Higher interest rates are creating challenges in underwriting commercial mortgages, as property incomes have not kept pace with borrowing costs. Loan proceeds are reduced, and borrowers are requesting greater flexibility to prepay their loans. The cost of hedging products, such as interest rate protection agreements, has increased significantly in a high-interest rate environment.


Effects on Loan Proceeds and Borrower Flexibility


Higher interest rates reduce loan proceeds for commercial mortgages. Borrowers are requesting greater flexibility to prepay their loans to mitigate the impact of higher interest rates. Loan proceeds are reduced, leading to challenges in financing commercial real estate projects.


The Cost of Hedging Products in a High-Interest Rate Environment


The cost of hedging products, such as interest rate protection agreements, has increased significantly in a high-interest rate environment. Borrowers and lenders are facing higher costs for hedging against interest rate fluctuations. The increased cost of hedging products adds to the overall cost of financing commercial mortgages.


Trends in Commercial Lending Activity and the Federal Reserve's Outlook


Commercial lending activity, including CMBS and CRE-CLO issuance, has declined in response to rising interest rates. The Federal Reserve's signals of more rate hikes create uncertainty in the commercial lending market. Borrowers with maturing loans may seek extensions or modifications, but lenders may require added structure or reserves. Borrowers may need to seek alternative sources of financing or face defaults and workout scenarios.


Options for Borrowers with Maturing Loans in a High-Interest Rate Environment


Borrowers with maturing loans in a high-interest rate environment have the option to seek extensions or modifications. However, lenders may require added structure or reserves to mitigate the impact of higher interest rates. Borrowers may also need to seek alternative sources of financing or face defaults and workout scenarios.

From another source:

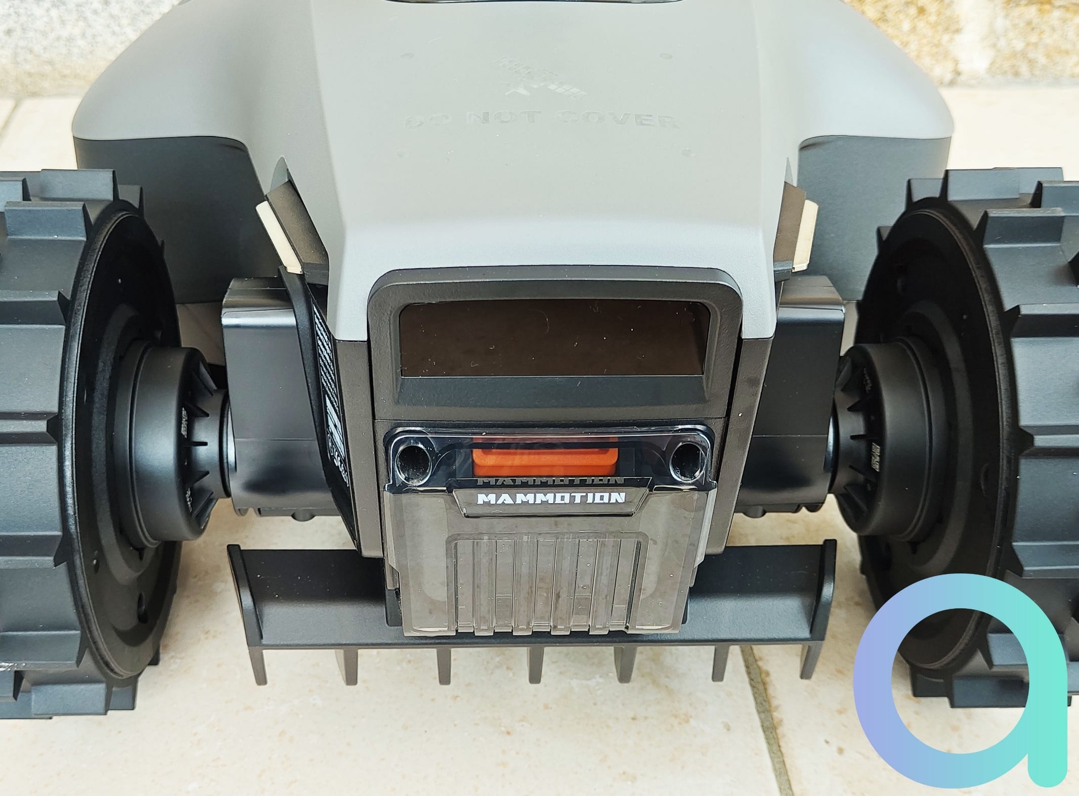 Sur l’arrière des Yuka Mini Series, il y a un capteur infrarouge qui sert au retour au dock de chargement, à la manière des robots aspirateurs. En dessous se trouve la batterie, que vous pouvez enlever en ôtant deux vis. Donc très bien pour la remplacer en cas de problème. Celle du Yuka Mini 800 est une Li-Ion de 6,1 Ah et 21,6V. Pour la version 700, nous sommes du 4,5 Ah et du 2,4 Ah / 21,5 V pour les 600 et 500. De ce fait, l’autonomie est fonction de ces différences avec 150, 110 et 55 minutes. Le temps de charge également qui sera respectivement de 230, 180 et 90 min. La version 800 m² va donc tondre 2h30 et devra être chargée 3h50 (pour une charge totale). Cette autonomie lui permettra, par charge, de travailler sur 380 m². C’est plutôt pas mal du tout même si la charge est un peu longue. Cependant, dans la pratique, le robot retournant à la base à 15%, à la fois la durée de tonte et de charge sont un peu plus courtes. Les contacteurs pour la base sont les lamelles métalliques de chaque côté.

Seeking Alternative Sources of Financing and Avoiding Defaults


In a high-interest rate environment, borrowers may need to explore alternative sources of financing to mitigate the impact of rising interest rates. The commercial real estate industry will need to be creative in securing mutually beneficial loans during this volatile period. Defaults and workout scenarios become more likely in a high-interest rate environment.


Creative Solutions for Securing Mutually Beneficial Loans


The commercial real estate industry needs to be creative in securing mutually beneficial loans during this volatile period. Exploration of alternative financing options and strategies can help overcome the challenges posed by higher interest rates.



Rising interest rates have a significant impact on commercial mortgages. They influence commercial mortgage rates, affect underwriting and loan proceeds, and increase the cost of hedging products. The commercial lending market has experienced a decline in activity, and borrowers with maturing loans face challenges in a high-interest rate environment. It is crucial for borrowers and lenders to explore alternative financing options and adapt to the current interest rate environment to ensure the success of commercial real estate projects.